_What is required_
Would you return exactly the lines below from the line with "As you settle" through the line with "Women's Natural Aquamarine", both included, and nothing else, leaving out the pictures?

_Material for the task_

*** Begin section ***

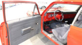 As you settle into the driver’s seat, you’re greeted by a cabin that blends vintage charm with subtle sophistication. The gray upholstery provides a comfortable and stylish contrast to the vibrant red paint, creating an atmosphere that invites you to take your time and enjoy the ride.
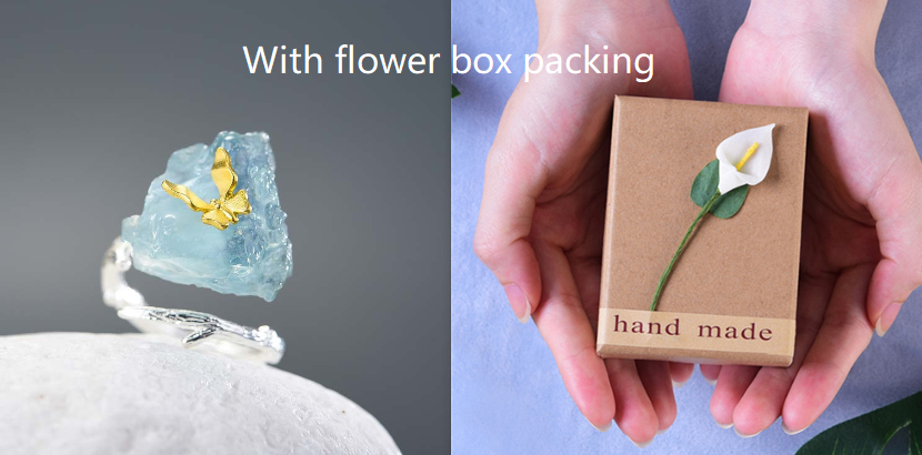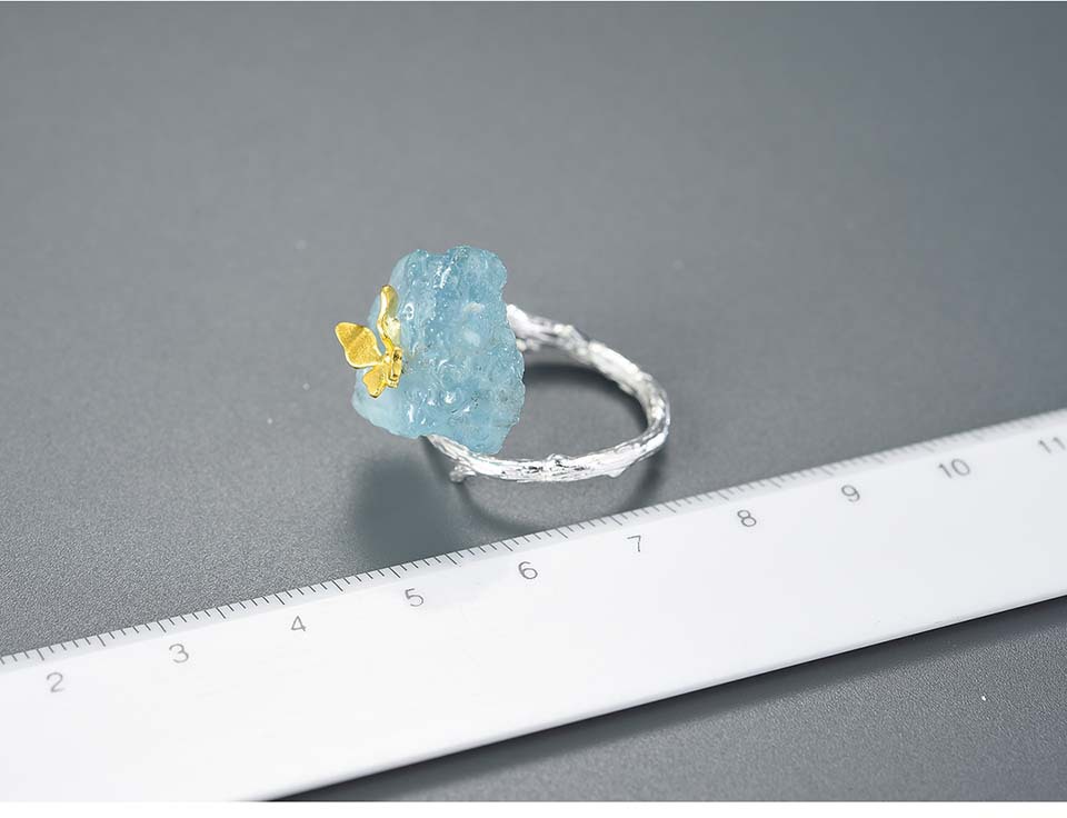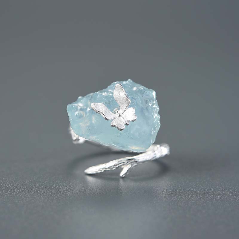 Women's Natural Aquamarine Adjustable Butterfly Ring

*** End section ***
*** Begin section ***

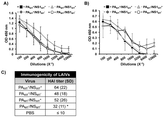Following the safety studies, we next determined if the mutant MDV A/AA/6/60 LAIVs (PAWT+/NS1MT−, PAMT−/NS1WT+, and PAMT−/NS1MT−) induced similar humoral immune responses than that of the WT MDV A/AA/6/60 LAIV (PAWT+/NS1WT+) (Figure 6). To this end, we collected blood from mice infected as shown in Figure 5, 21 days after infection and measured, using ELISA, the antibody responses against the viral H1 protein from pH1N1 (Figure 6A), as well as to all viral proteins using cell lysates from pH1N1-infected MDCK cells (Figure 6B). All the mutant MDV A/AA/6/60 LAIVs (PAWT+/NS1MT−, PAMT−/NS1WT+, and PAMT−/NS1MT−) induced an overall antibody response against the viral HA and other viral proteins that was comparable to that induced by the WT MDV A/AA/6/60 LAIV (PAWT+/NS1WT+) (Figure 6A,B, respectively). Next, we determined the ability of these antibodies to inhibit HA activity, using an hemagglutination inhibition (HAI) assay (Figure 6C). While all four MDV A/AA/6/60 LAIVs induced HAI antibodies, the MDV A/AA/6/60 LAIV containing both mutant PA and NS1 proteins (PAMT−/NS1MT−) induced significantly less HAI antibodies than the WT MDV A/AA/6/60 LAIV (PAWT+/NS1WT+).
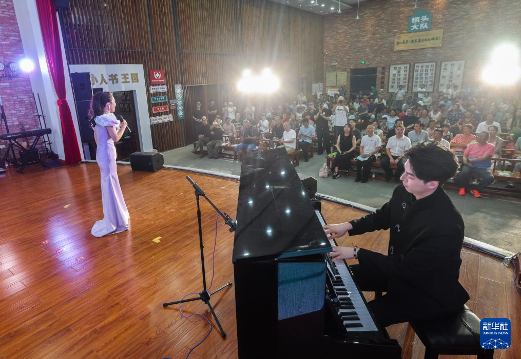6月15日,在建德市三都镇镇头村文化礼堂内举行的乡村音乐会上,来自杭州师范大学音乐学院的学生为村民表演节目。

*** End section ***

_Reply_
 As you settle into the driver’s seat, you’re greeted by a cabin that blends vintage charm with subtle sophistication. The gray upholstery provides a comfortable and stylish contrast to the vibrant red paint, creating an atmosphere that invites you to take your time and enjoy the ride.
 Women's Natural Aquamarine Adjustable Butterfly Ring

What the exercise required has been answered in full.